* WHAT THE TASK ASKS: Only the lines of the listing below that run from the line with "Set di 2 sedie alte CASSITA Rattan Nero" through the line with "高腰阔腿裤泫雅牛仔裤女2020年新款夏季薄款直筒宽松垂感拖地裤子 复古蓝 XXS" are to be set down, word for word. Pictures stay out.

* RECORDS TO PROCESS:
--------

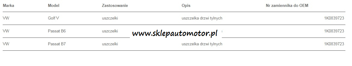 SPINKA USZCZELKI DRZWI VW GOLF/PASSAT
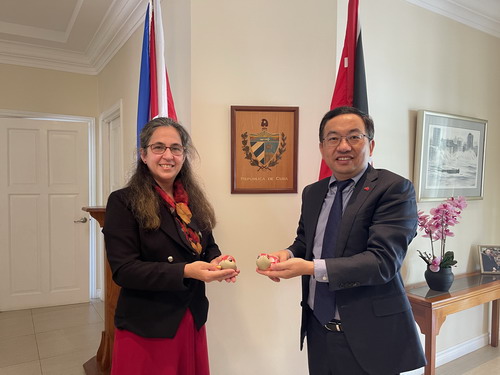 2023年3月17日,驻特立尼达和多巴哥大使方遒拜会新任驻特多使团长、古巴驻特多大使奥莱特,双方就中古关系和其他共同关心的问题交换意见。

--------

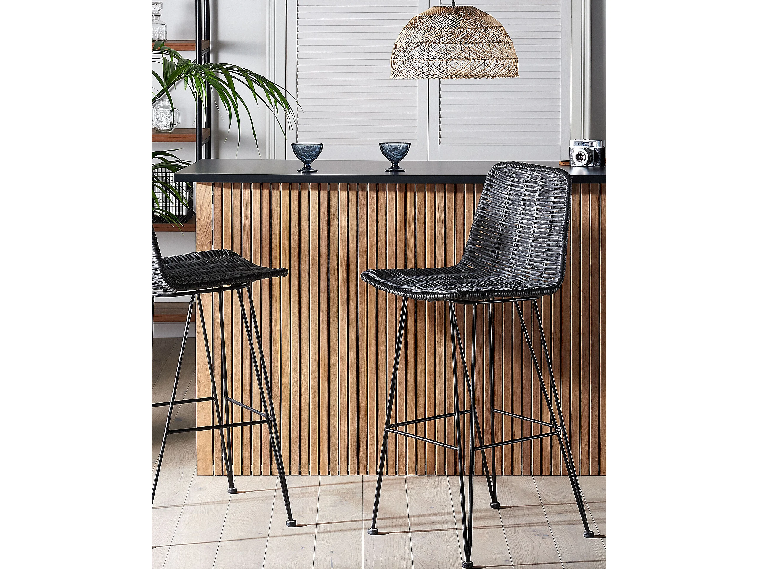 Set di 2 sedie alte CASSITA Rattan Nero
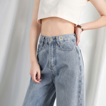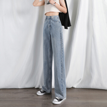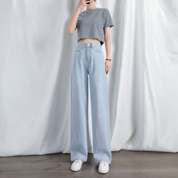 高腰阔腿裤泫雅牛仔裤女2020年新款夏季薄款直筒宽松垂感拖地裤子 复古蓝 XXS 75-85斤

--------

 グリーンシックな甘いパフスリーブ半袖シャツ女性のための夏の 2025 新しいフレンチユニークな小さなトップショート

--------

* YOUR RESPONSE:
 Set di 2 sedie alte CASSITA Rattan Nero
 高腰阔腿裤泫雅牛仔裤女2020年新款夏季薄款直筒宽松垂感拖地裤子 复古蓝 XXS 75-85斤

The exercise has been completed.